**WHAT YOU ARE ASKED TO DO**: I would like the line with "2014-11-17指尖上的" and every line after it, down to the end of the entries below, output exactly and without pictures.

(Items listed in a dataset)
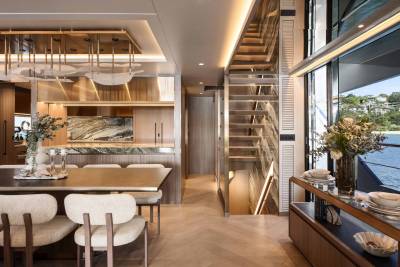 With five cabins for ten guests, space for up to 35 on day trips and a tri deck layout almost 200 GT in volume, Orraia feels much larger than her length suggests. The yacht for charter boasts a beach club swim platform, bridge deck jacuzzi, spa, multiple indoor-outdoor lounges and a culinary programme built around native ingredients and coastal produce. This is Australian yacht life, up close and personal.
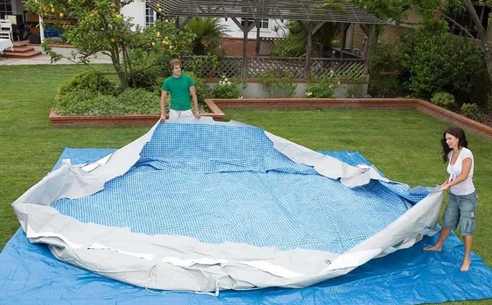 - если бассейн прямоугольной формы, то необходимо ровно разложить чашу, разгладить складки и свернуть края по обеим сторонам, чтобы получился квадрат,
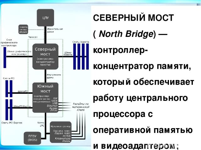 Взаимодействие между компонентами и устройствами ПК, подключенными к разным шинам, осуществляется с помощью, так называемых мостов, реализованных на одной из микросхем Chipset.
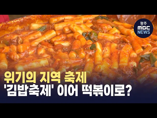 (앵커)외부 방문객이 줄면서 많은 지역 축제가 위기를 겪고 있는 가운데, 경북 김천시의 '김밥축제'가 큰 성공을 거두며 이목을 끌고 있습니다.젊은 세대를 겨냥한 기획으로 떡볶이 등을 주제로 한 비슷한 시도도 관심을 끌고 있는데, 변화를 위한 깊은 고민이 필요하다는 지적입니다.전주문화방송 허현호 기자입니다.(기자...
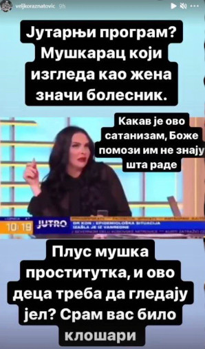 „Jutarnji program? Muškarac koji izgleda kao žena, znači bolesnik! Kakav je ovo satanizam, Bože oprosti im ne znaju šta rade. Plus muška prostitutka, i ovo deca treba da gledaju, je ’l? Sram vas bilo klošari“, napisao je Veljko tada na svom Instagramu, a ovu njegovu objavu su preneli mediji, a sada ju je Elektra prokomentarisala u „Vatrenom krštenju“:
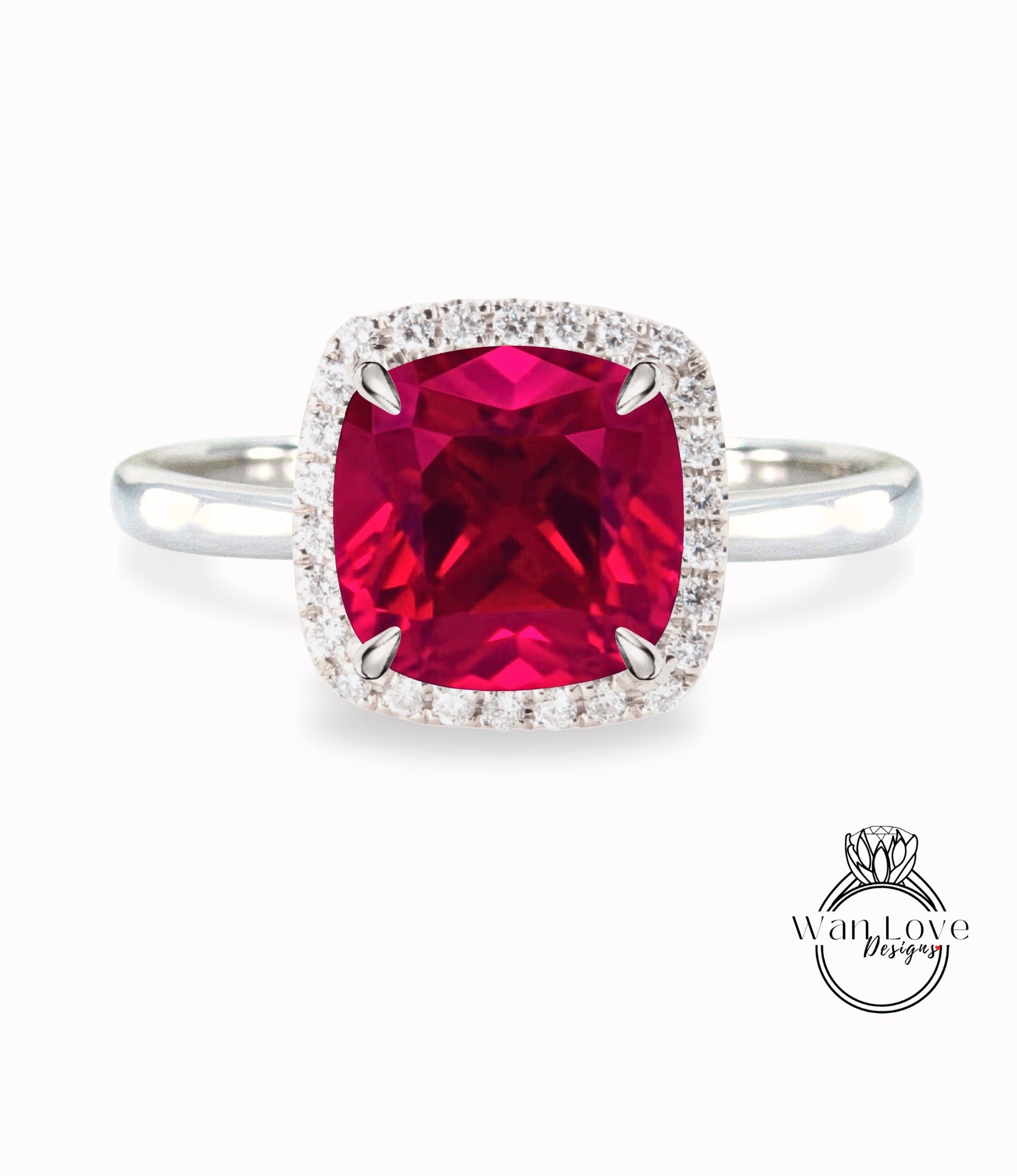 Ruby & Diamond Cushion Halo engagement ring rose gold tapered plain thin dainty band art deco anniversary gift
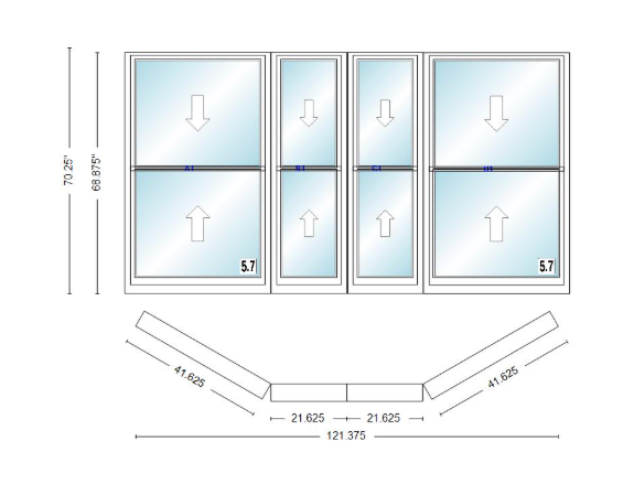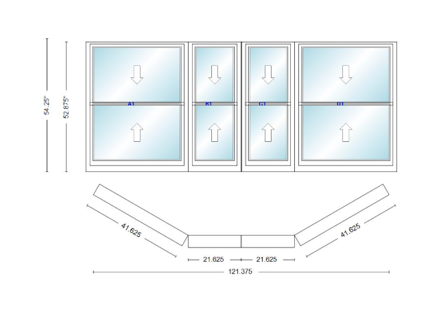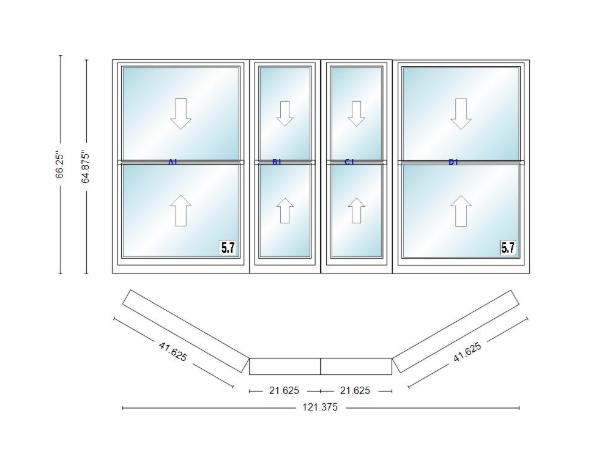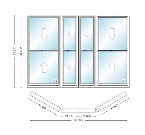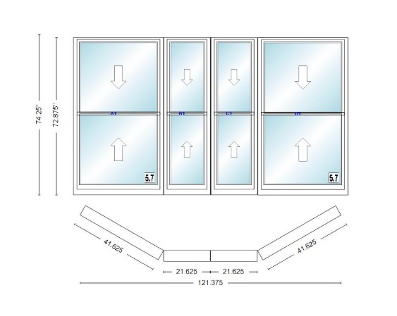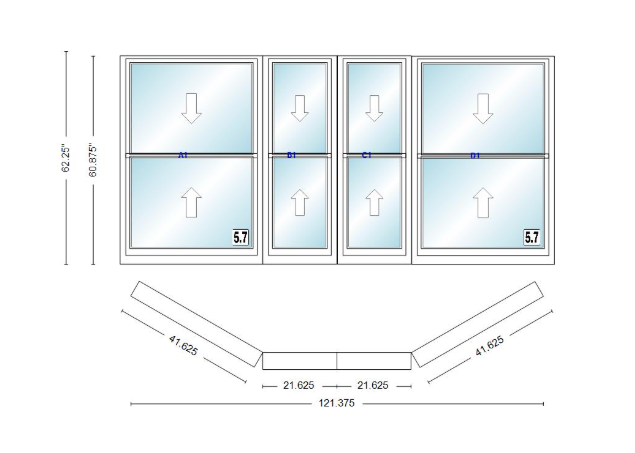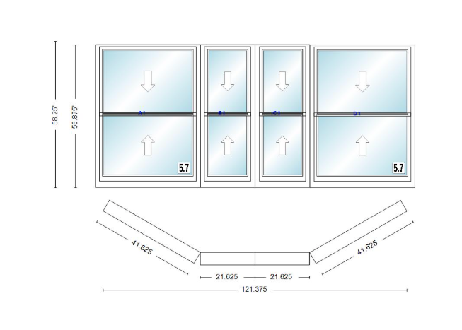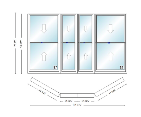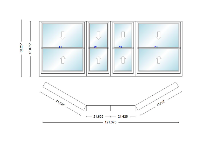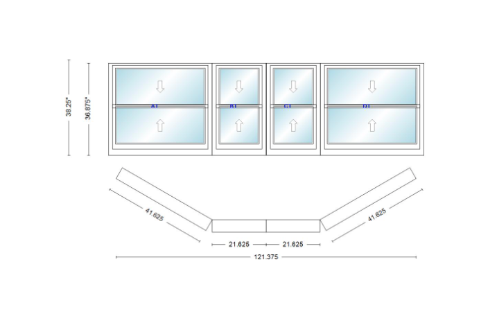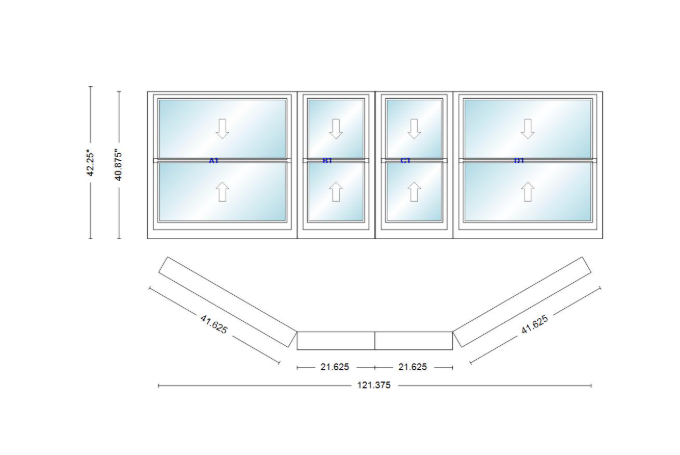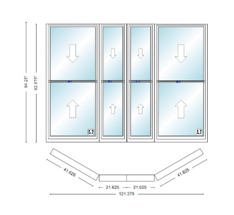 Andersen 400 series double hung bay window 121 3/8" wide double hung with double hung flankers 30 degree angle of deflection vinyl exterior wood interior low-e4 dual pane argon gas
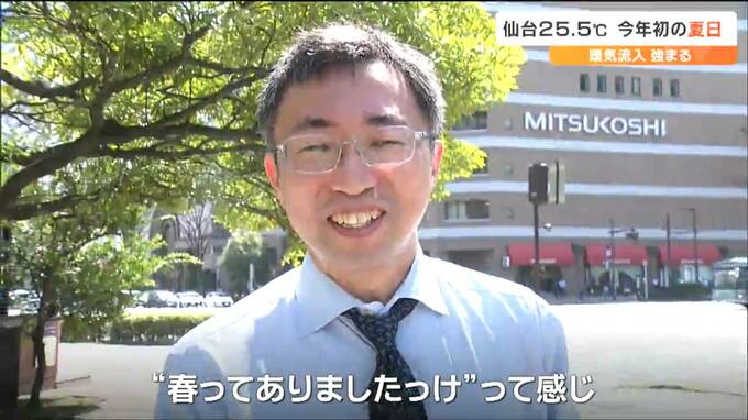 15日の仙台市内は暖かさを通り越して暑いくらいとなりました。宮城県内は暖かい空気の流れ込みが強まり、仙台の最高気温は25.5度と、今年初めての夏日となりました。
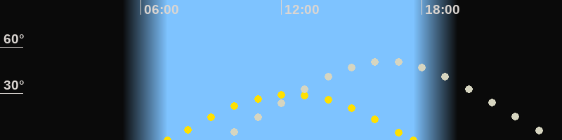 | Höchster Sonnenstand (Kulmination) | 12:23 Uhr (h = 29.4°) |
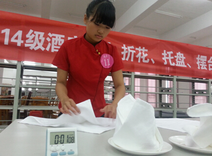 2014-11-17指尖上的魔术--旅游服装教学部举办第三届餐巾折花大赛决赛 为了增强同学们对本专业的兴趣,提高专业技能,为今后省市级技能比赛挖掘好苗子,旅游服装教学部举办第三届餐巾折花大赛。经过初赛选拔,决赛于11月13日下午举行,由12名同学分成3组在最短时间内完成指定餐巾花盘花...
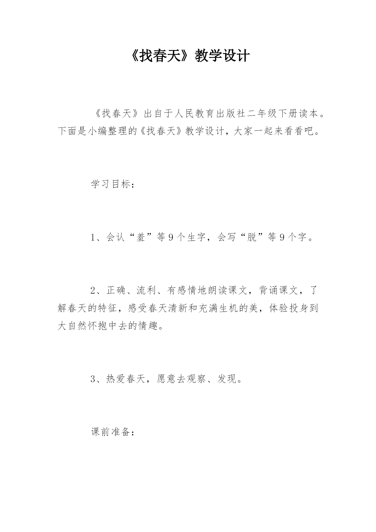 《找春天》教学设计《找春天》出自于人民教育出版社二年级下册读本。下面是小编整理的《找春天》教学设计,大家一起来看看吧。学习目标:1、会认“羞”等9个生字,会写“脱”等9个字。2、正确、流利、有感情地朗读课文,背诵课文,了解春天的特征,感受春天清新和充满生机的美,体验投身到大自然怀抱中去的情趣。3、热爱春天,愿意去观察、发现。课前准备:1、生字卡片。2、板画。3、学生写的描写春天的作文。4、钢琴曲《童年的回忆》。教学过程:一、课题教学。1、盼望着,盼望着,春的脚步近了。让我们用美丽的词语去迎接她的到来吧!(
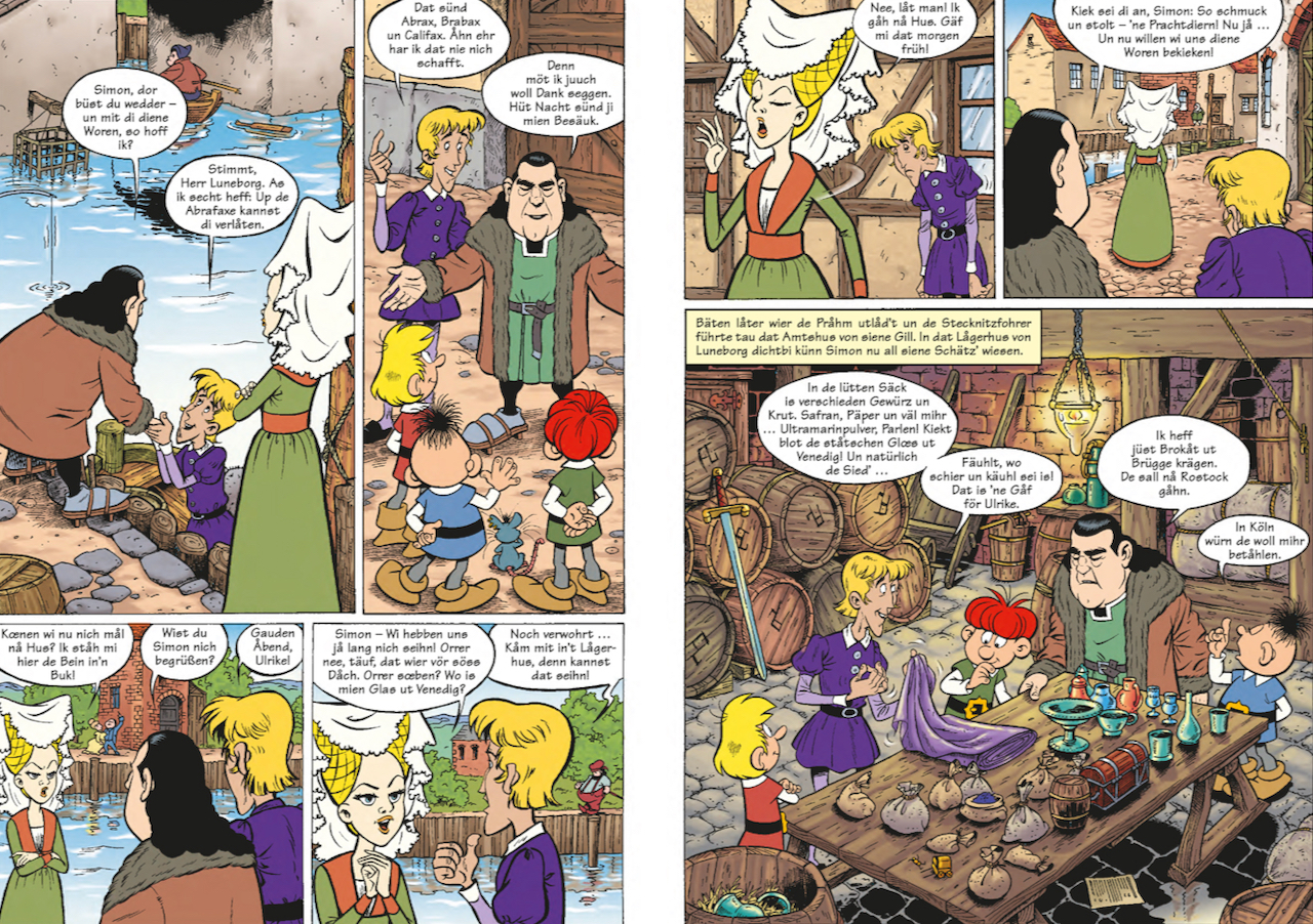 Das Hanse-Abenteuer der Abrafaxe gibt es nun in einer zweibändigen niederdeutschen Ausgabe. Die Übersetzung stammt von der Schwerinerin Susanne Bliemel – ausgezeichnet mit dem Fritz-Reuter-Preis 2020. Das Lektorat übernahm Ulrike Stern (Kompetenzzentrum für Niederdeutschdidaktik an der Universität Greifswald).

**TASK OUTPUT**:
 2014-11-17指尖上的魔术--旅游服装教学部举办第三届餐巾折花大赛决赛 为了增强同学们对本专业的兴趣,提高专业技能,为今后省市级技能比赛挖掘好苗子,旅游服装教学部举办第三届餐巾折花大赛。经过初赛选拔,决赛于11月13日下午举行,由12名同学分成3组在最短时间内完成指定餐巾花盘花...
 《找春天》教学设计《找春天》出自于人民教育出版社二年级下册读本。下面是小编整理的《找春天》教学设计,大家一起来看看吧。学习目标:1、会认“羞”等9个生字,会写“脱”等9个字。2、正确、流利、有感情地朗读课文,背诵课文,了解春天的特征,感受春天清新和充满生机的美,体验投身到大自然怀抱中去的情趣。3、热爱春天,愿意去观察、发现。课前准备:1、生字卡片。2、板画。3、学生写的描写春天的作文。4、钢琴曲《童年的回忆》。教学过程:一、课题教学。1、盼望着,盼望着,春的脚步近了。让我们用美丽的词语去迎接她的到来吧!(
 Das Hanse-Abenteuer der Abrafaxe gibt es nun in einer zweibändigen niederdeutschen Ausgabe. Die Übersetzung stammt von der Schwerinerin Susanne Bliemel – ausgezeichnet mit dem Fritz-Reuter-Preis 2020. Das Lektorat übernahm Ulrike Stern (Kompetenzzentrum für Niederdeutschdidaktik an der Universität Greifswald).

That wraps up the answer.